I saw this on a homesteading forum and thought it was kind of neat. It would need some improvement but may work in milder climates.


----------



## FrillbackLover (Mar 18, 2011)

very strange... But neat! I wouldn't use chicken wire but. Yea and like you said, it would work best in mild climates


----------



## horseart4u (Jun 16, 2011)

where is the food and water?, and what is the middle part with nest bowl for? is it for youngsters weaning?


----------



## Shadybug Lofts (Mar 13, 2010)

I wonder how you clean everything through that little door, and how do you clean the middle?


----------



## Zippy (Nov 20, 2011)

I'm not overly concerned with how theyre cleaned or the wire, that can all get figured out. I am really impressed with the idea. That is an elegant use of those spools no matter how you slice it.


----------



## Crazy Pete (Nov 13, 2008)

Those are not nest bowls in the middle, they are covers for the whole in the center of the spool.
Dave


----------



## honeyrobber (Apr 28, 2011)

I have used spools like that for dog houses. Just nail a piece of tin on top and knock out one board for small dogs. I dislike the idea as they are hard to clean out without the wire around them let alone through that small hole.


----------



## Shadybug Lofts (Mar 13, 2010)

Yes it looks neat but not very practical at all. It would make a better squirrel cage. I'm not a fan of just taking anything you have laying around and trying to make a loft out of it. Lofts need certain things and that has nothing that a loft should have. I see no perches. There are no waterers and no feeders. You could never catch the birds all they would have to do is go to the back side. Then you have the cleaning issues, and thats just what you see at a glance.


----------



## logangrmnr (Jul 14, 2010)

They are set up behind his loft.

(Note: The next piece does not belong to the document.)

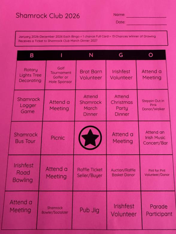 The Shamrock Club Participation Bingo Card 2026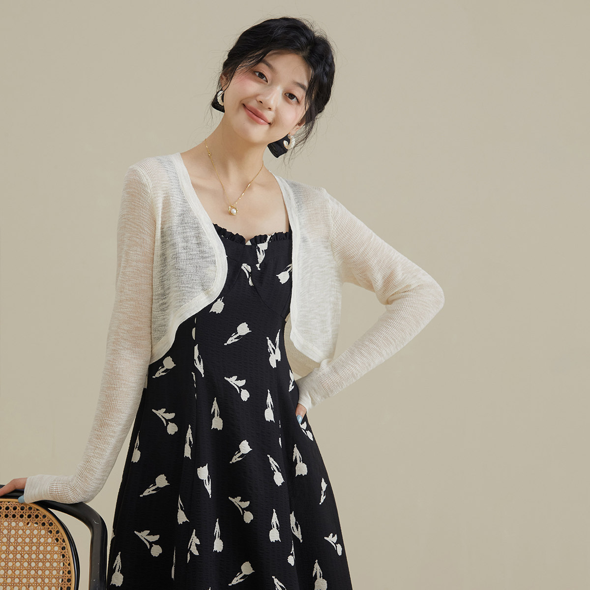 one more针织衫外套小开衫女2025秋季新款长袖披肩外搭罩衫高级感

I think he uses them for special pairings. I and others I know have built breeding cages on the back end of the loft. The idea is nice but he would have done better with boxes. But free is free and everyone is in to recycling these days.


----------



## billyr70 (Jun 11, 2009)

JasoninMN said:


> I saw this on a homesteading forum and thought it was kind of neat. It would need some improvement but may work in milder climates.


LOL, thats cool.


----------